Some proposed solutions involve detecting malicious deepfakes once they’re in the wild, instead of preventing their creation. Unfortunately, deepfake-detecting AI models (such as those deployed by OpenAI) are becoming obsolete due to inaccuracies, thus this category of solutions is not viable. Although deepfake detection methods have become more sophisticated, the techniques for creating deepfakes are becoming more sophisticated at a faster rate –- the deepfake detectors are losing the technological arms race. This makes it difficult to identify deepfakes based on the media alone. AI is advanced enough to create fake footage so realistic AI itself cannot determine its inaccuracy.

Other solutions involve watermarks, used to identify deepfakes at the point-of-viewing. They can often be removed or forged with easy-to-use tools, thereby bypassing any watermark-based anti-deepfake solutions. They can also be removed accidentally: most social media platforms automatically remove them. Updatable watermarks, such as those that use perceptual hashes, are often vulnerable to adversarial attack and are thus low-reliability. The most popular implementation of deepfake watermarking technology is C2PA (by the Coalition for Content Provenance and Authenticity). It is designed to prevent mis-information by tracking where media comes from and storing this information in the media metadata. Unfortunately, C2PA metadata is easy to remove and will not be included on self-generated deepfakes. Additionally, it does not support the full cryptographic verification of edits to the image, which may lead to image forgeries; and suffers features severe privacy issues, which are referenced in the next section.

Our Rationale

We champion hardware-attestation. Hardware-attested cameras embed a unique proof with each photo they take, certifying that it was taken by that specific camera. This proof is created by a non-cloneable, tamper-proof chip unique to the camera, ensuring the image's authenticity. This will be backed by trust in a signer authority, such as the camera manufacturer, who can certify camera signer identities using cryptographic signatures. It is also possible for the manufacturer of a smartphone to act as the trust-root -- the hardware-attested device integrity APIs which are used to secure banking apps are suitable for this purpose. A similar process can be used for audio and video. It's cheaper to undermine software, but expensive to compromise secure chips -- that's why we prefer this approach.

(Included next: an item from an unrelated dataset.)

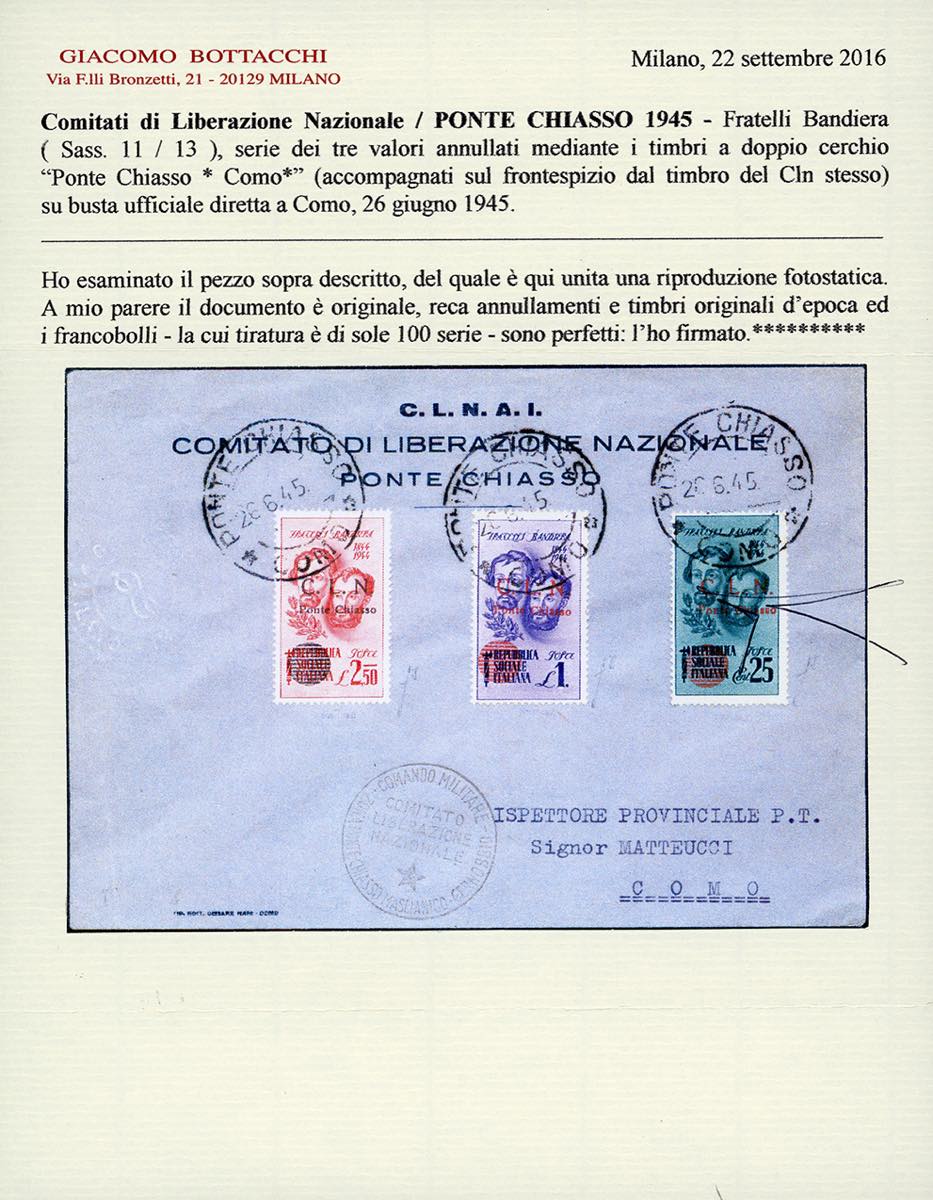 PONTE CHIASSO 1945 - L'emissione completa (1/14), perfetta, su due buste ufficiali da Ponte Chiasso rispettivamente del 25 e 26/6/1945. Raro insieme. Fiecchi, cert. Bottacchi.

In summary, the attestation proof tells us that the image is taken by a honest camera, meaning we can usually trust that it is a picture of a real object. We can flag images which don’t have this proof -- guilty until proven innocent, unlike watermarks.

However, weak attestation systems (such as C2PA's implicit attestation) can be abused to link images to specific users or devices. By revealing all of the signatures and public keys in the cryptographic chain of trust, these schemes allow attackers to link all images that your camera has ever taken to each other: if we know that an image came from someone’s camera, we can identify all other images which came from that camera. This could be used to de-anonymise whistle-blowers who have published images from their camera under their real names. Therefore, See3 scrubs the sensitive information using ZK.

However, without additional technology, the removal of the traceable signer identities makes it impossible to blacklist malicious cameras. Yet, we need camera blacklists -- they enable social media platforms and apps to flag images which came from that particular camera which is known to have produced misleading images in the past. This is necessary to keep our system secure: since it is expensive to compromise secure hardware, and the hacked hardware becomes useless to an attacker if it has been blacklisted, the use of camera blacklists would ensure that camera-hacking is rare. Reducing the problem of camera-hacking would reduce the deepfake problem such that arbitration is capable of handling the remaining edge cases. For these reasons, See3 re-introduces the camera identifier in an encrypted form, such that only the trusted Blacklist Keeper entity can access it.